In this theoretical paper, however, I argue that lurking beneath the surface of conversations surrounding the new era of teacher performance evaluation is a potent paradigm of performativity that has been rarely discussed. Originally identified by Lyotard (1979), performativity describes an approach to education that reorients schooling toward the competitive needs of the economy. In this “production” model, teachers are effective if they produce specified results—usually standardized test scores or equivalent outputs (Ball, 2003). Thus, performativity does not refer directly to accountability measures such as VAM-based teacher evaluation or rubric-based observation of practice. Rather, it is the broader paradigm that makes such decisions popular and alluring.
Performativity also tends toward “the reduction of all judgment to the criterion of efficiency of input-output relations” (Bartos, 1990), and shares the same underlying narrative as what has been termed New Public Management (NPM). Authors discussing NPM discuss it as the application of market theory and private sector management principles to the public sector, which includes public education (Tolofari, 2005). In both performativity and NPM, business sector principles are prioritized. This includes cost-cutting and efficiency, incentivizing achievement on performance targets, and close monitoring of performance. In education, performativity predicts that systems—such as schools—will increasingly emphasize measuring outputs (i.e., test scores) but fail to acknowledge or value “bigger picture” goals (i.e., engagement in learning, transferable thinking skills) (Mintrop & Sunderman, 2013).
In the present philosophical inquiry, I seek to answer the following questions: (a) What characterizes the current performative atmosphere in education? (b) How can performativity help the field of music education understand the dilemmas music teachers face?
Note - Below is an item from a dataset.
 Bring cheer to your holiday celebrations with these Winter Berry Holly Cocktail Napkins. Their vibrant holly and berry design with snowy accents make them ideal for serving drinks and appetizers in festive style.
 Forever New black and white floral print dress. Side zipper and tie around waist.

I use philosophical inquiry and a combination of real and imagined vignettes to interrogate performativity and NPM ideals as they relate to music teacher evaluation.
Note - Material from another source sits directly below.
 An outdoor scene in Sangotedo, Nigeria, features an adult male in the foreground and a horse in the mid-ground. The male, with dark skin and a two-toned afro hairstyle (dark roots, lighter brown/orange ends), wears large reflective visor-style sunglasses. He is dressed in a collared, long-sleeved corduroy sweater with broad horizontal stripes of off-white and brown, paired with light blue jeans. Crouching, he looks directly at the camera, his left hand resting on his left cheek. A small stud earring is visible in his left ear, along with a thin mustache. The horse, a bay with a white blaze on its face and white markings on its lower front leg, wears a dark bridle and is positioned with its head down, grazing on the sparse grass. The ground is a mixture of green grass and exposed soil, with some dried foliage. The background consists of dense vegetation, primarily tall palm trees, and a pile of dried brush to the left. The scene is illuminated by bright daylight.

I find that performativity can serve as a lens to understand specific waves of accountability. In addition, I analyze the seduction and dangers of performativity. Finally, I argue that performativity presents music teachers have limited options. They may accept the logic of the accountability exercise, resist overtly, or--most likely--resist covertly through fabrication (Ball, 2003; Mintrop & Sunderman, 2013). This paper holds possible significance for music educators. Without understanding the performativity movement, it is impossible to fully understand the myriad changes to teacher accountability systems in schools.